Put the pieces together and a cycle appears. The AI suggests, the agent decides, the log records, the team learns, and the next suggestion can be tuned with real behavior behind it. The record that keeps the work compliant also shows where the AI needs to get better. That is the idea I most want this case study to carry.

THE AI TRUST LOOP
The cycle runs continuously: a pulse travels the loop and lights each stage in turn. Hover or tap a node to read what gets recorded.
SUGGEST AI suggests a value
The model reads the agent’s plain-language description of the dispute and pre-fills each field with its best guess. Nothing is committed yet. It’s a starting point, not a decision.

What the loop tells the team to fix

High-confidence fields overridden a lot? The calibration is probably wrong. The model is too sure.

Low-confidence fields accepted a lot? The model is under-confident, hiding good answers behind a cautious label.

One field corrected again and again? Its extraction rule or prompt needs work.

One dispute type driving most overrides?

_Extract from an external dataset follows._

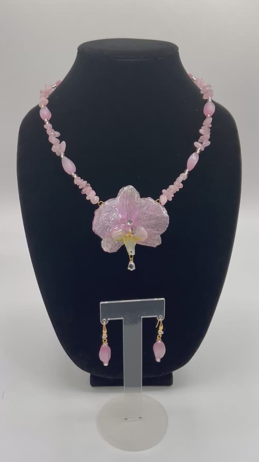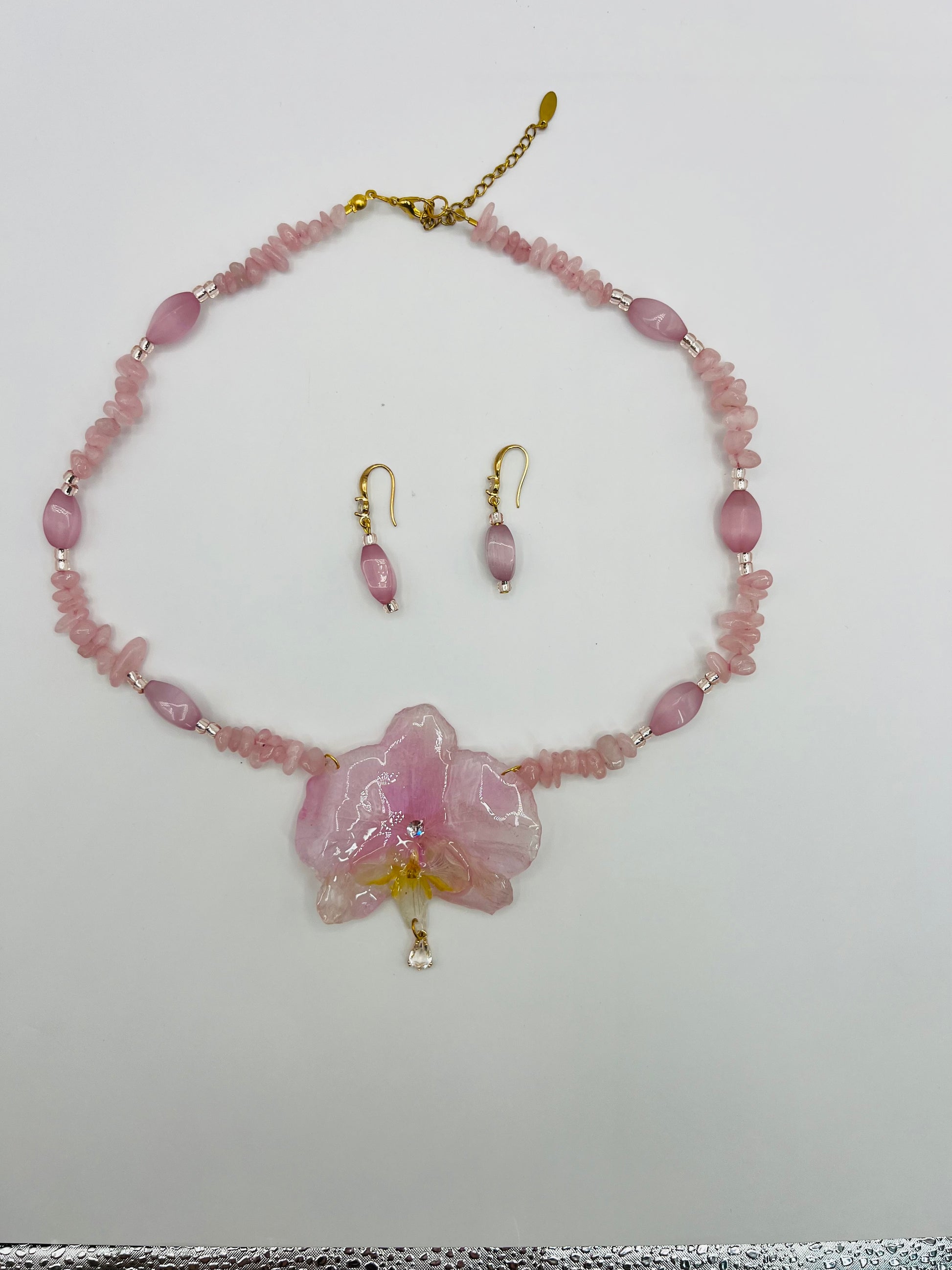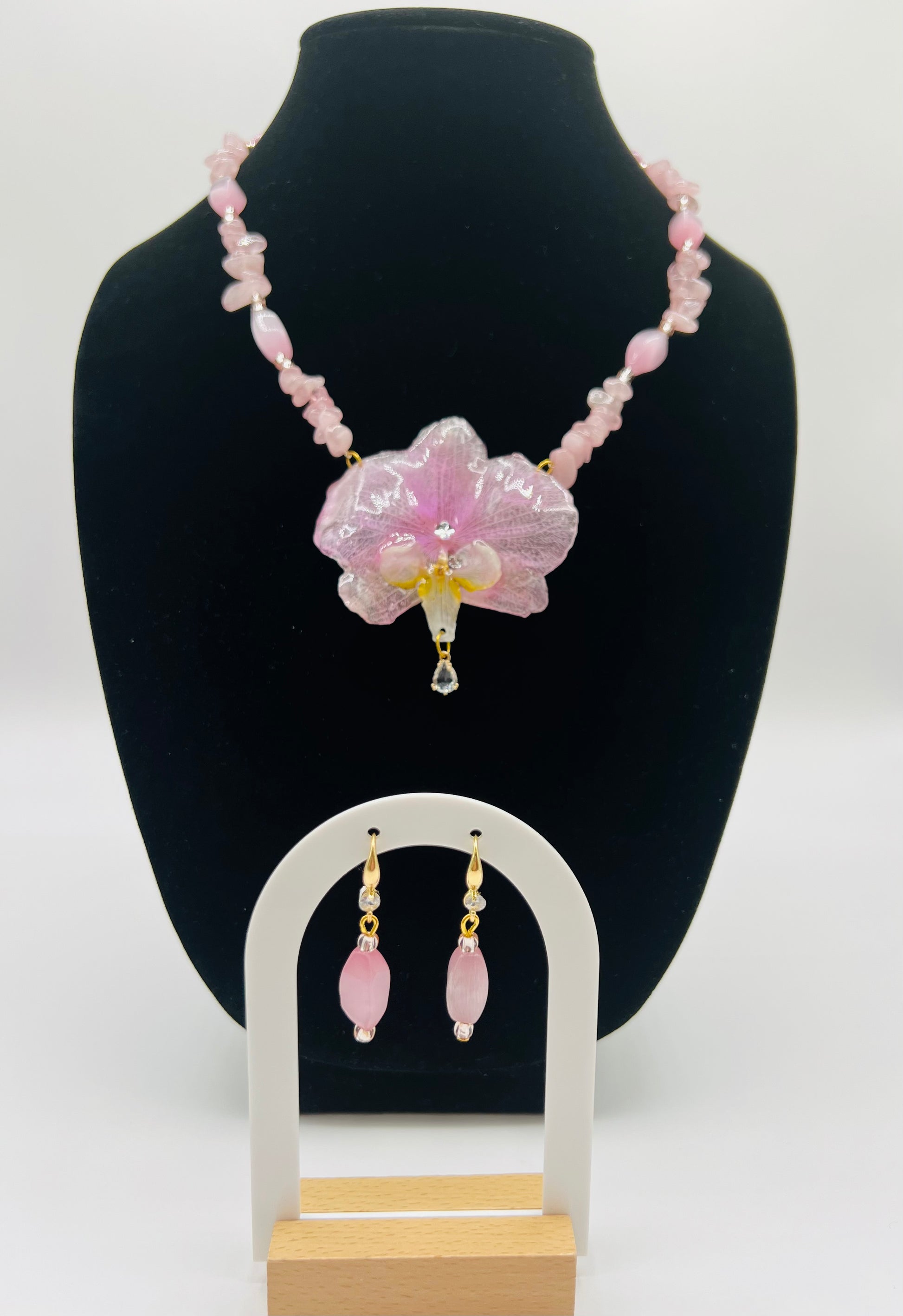 Necklace and matching earring set, crafted with Rose quartz, Glass Beads, and a real encapsulated Orchid.

That category needs more domain support.

What this taught me about designing AI

01

In regulated AI, auditability is not overhead. It is how the product learns. The record you build for review is also the record that shows where the model needs work. Design those needs together.

02

Confidence has to tell you what to do. A probability is not guidance. Pairing a plain label with a next step beat a precise number, because it changed behavior instead of just reporting it.

03

The boundary is the product. The problem with agentic UX is not autonomy by itself. It is unclear accountability. In high-stakes work, people need to know what the AI did, what they decided, and what gets recorded.

THE THROUGHLINE

I redesigned a regulated workflow so AI could accelerate intake without weakening human accountability. The AI classifies, the human confirms, and every decision stays auditable. That record is what let the team learn from real corrections instead of guessing where the model needed work.